Model 1: philosophical counseling as a type of therapy. One way to think of PC is as a type of talk therapy, analogous to, say, Freudian psychoanalysis. This is the model adopted by Roxana and Gerardo. It is expressly rejected by Marinoff, but it is an open question whether, and how many, PC counselors actually behave in accordance to this model. If PC is a type of psychotherapy, then it makes claims to be a scientific, or quasi-scientific practice, with medical import. Those claims should accordingly be backed up by systematic evidence, just as we require (or should require) of Freudian psychoanalysis, Cognitive Behavioral Therapy, and the like. (Incidentally, let me note that of the latter two, CBT’s efficacy is abundantly empirically verified, while a number of people consider Freudianism to be pseudoscientific. A lot of other psychotherapies fall close to one or the other of these extremes.)
Model 2: philosophical counseling as advice or life coaching. A second way of looking at PC is that it is closer to life coaching, or pastoral or rabbinical counseling. (Yes, I’m aware that life coaching does not enjoy a high reputation among intellectuals, but this is just an analogy.) Its practice is therefore more humanistic than scientific, and it is not accompanied by general claims of efficacy, because “efficacy” varies from individual to individual, with the specific philosophical approach deployed, and with the different goals of both the client and the practitioner. Some PC counselors, like Marinoff, use the word “art” to highlight that there aren’t specific methods or set outcomes to the practice.
Let me now go through each of Roxana and Gerardo’s objections to PC, with associated personal commentary. At the end I will return to the two models and to a broader discussion of what I think may be going on.
(Further) preliminary note: as the authors of the article themselves acknowledge: “Some of the assumptions and beliefs that we want to discuss are not usually mentioned in academic publications, but they can be found in more informal sources (e.g., personal communications, blogs, conferences). This is the reason why we’ve used videos and blogs to approach those kinds of issues.” This is somewhat problematic, because it doesn’t distinguish between the academic practice of PC and what some of the counselors may say in an informal setting. It also means that a study that criticizes PC for lack of rigor and evidence based methodology suffers, in substance, from similar issues. This, however, does not mean that Roxana and Gerardo don’t make good points, so let us proceed.
Criticism 1: we lack evidence that PC works, and is not instead ineffective or even harmful.
Roxana and Gerardo maintain that PC has “empirical aspects,” and that therefore it ought to be subjected to systematic investigation to make sure that an “incorrect choice” on the part of the counselor doesn’t cause direct or indirect harm to the client. They add: “In both clinical and non-clinical psychological problems, it’s relevant to assess whether the interventions and encounters have positive, null or negative effects.”

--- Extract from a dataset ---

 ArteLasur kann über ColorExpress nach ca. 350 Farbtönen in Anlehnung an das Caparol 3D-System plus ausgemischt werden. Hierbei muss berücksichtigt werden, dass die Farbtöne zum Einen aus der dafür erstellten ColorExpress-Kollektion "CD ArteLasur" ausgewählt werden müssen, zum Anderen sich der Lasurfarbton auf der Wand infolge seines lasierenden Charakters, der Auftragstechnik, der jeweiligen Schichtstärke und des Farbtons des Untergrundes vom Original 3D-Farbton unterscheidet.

Broadly speaking, I agree. One of the problems is that literally anything humans do has “empirical aspects,” and that therefore the question is what, exactly, one should test, and why is testing relevant or desirable (and who’s going to pay for it!). For instance, if I claim that I’m writing this while sipping some excellent Cabernet Sauvignon (which I am), that claim is obviously empirical. But it is both hard to test (I’m along at my desk in my apartment, on a Saturday night — there are no witnesses; also, I will soon clean the glass and put it away — no residual traces of my activity), and a test would be irrelevant (why would you doubt what I’m saying? And even if I’m lying, who cares?)
Of course, if PC practice falls under model 1 above, then Roxana and Gerardo have a very good point, though they are pretty vague about the sort of “harm” that may derive from exposing someone to Stoicism or Confucianism. But if PC falls under model 2 above then their criticism loses a lot of its force, and it comes closer to someone insisting to see evidence for any claim made, regardless of reasons or context. As you will see, the issue of model 1 vs model 2 will recur throughout the remaining points raised by the authors of the paper.
Criticism 2: PC counselors lack training in assessment skills.
The main critic of PC mentioned by Roxana and Gerardo is Angelo Fasce (who, by chance, was a visiting student with me at the Graduate Center in New York a couple of years ago). At a 2015 conference (from which a lot of Roxana and Gerardo’s material originates) Angelo “quoted several web sites of philosophical counselors that offer their practice as treatment of several psychological problems, like anxiety and depression.”
During an exchange with a defender of PC at the same conference, Fasce was asked “why would fear be a clinical problem?” To which Fasce answered: “How do you know if it’s fear or phobia?”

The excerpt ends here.